All of which raises the other point. While talk of "World War 3" is facile, there is something to be said — possibly a great deal in fact — for geopolitical force majeur that we who benefit from it may not appreciate.
The "something" to be said is simply this: people believe in the American Peace. It may be hard to believe, given how much we meddle and how many tinpot dictators and authoritarian reptiles we've supported over the years, but so long as the world at large a) feels that on balance things are more peaceful this way, and b) doesn't want to shell out the considerable sums of money required to do it themselves instead, the American proposition — we'll build and maintain all the fleets if you let us put our thumb on the scales of the world economy — the status quo will have a broad base of default support.
The "possibly a great deal" to be said is less clear.

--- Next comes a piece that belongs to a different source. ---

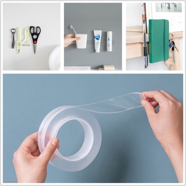 而日常生活中的纳米胶贴用途相当广泛,用来粘遥控器、牙刷杯子,粘在桌边收纳笔和本子,还可以粘贴在厨房,收纳剪刀、削皮刀等。

What if it's not a general world war we face but a world of constant, escalating, multilateral militarization, in which trade disputes that turn sour can also wind up turning violent, business everywhere has to be done in cash or not at all, and world travelers always have to watch their backs.
The World War 3 comparison is childish. It's what unimaginative American policy wonks think of when they try to imagine this hypothetical multipolar future, because the huge world wars of the last century are all they know anything about. But the truth is that we have no template for what the world would (or will) become after the end of the American regime — the one thing we can be assured of is that it will not look like anything we've ever seen before, or anything we can grasp, because the modern world has never operated under those principles.
The American empire did not appear out of nowhere, as some received idea that was imposed on humanity from on high by the jack-booted thugs of some repressive autocracy. It grew and emerged party as a consensual construct. It has benefited in no small part simply from our half-shrewd, half-opportunistic management of other people's massively catastrophic foolishness. And it provides many benefits to many people both in the US and throughout the world.
It's easy to pooh pooh all of it as just a veneer of security and tranquility over a mean and bloody world, but people value that a great deal. Don't forget who first observed: "...all experience hath shewn that mankind are more disposed to suffer, while evils are sufferable than to right themselves by abolishing the forms to which they are accustomed."
The American regime about which Michael Lind writes is the world to which we are all accustomed. Before we can persuade people in any large numbers that overthrowing it is an effort to which they should set their shoulders, it might help to understand what we're risking and what we intend to replace it with.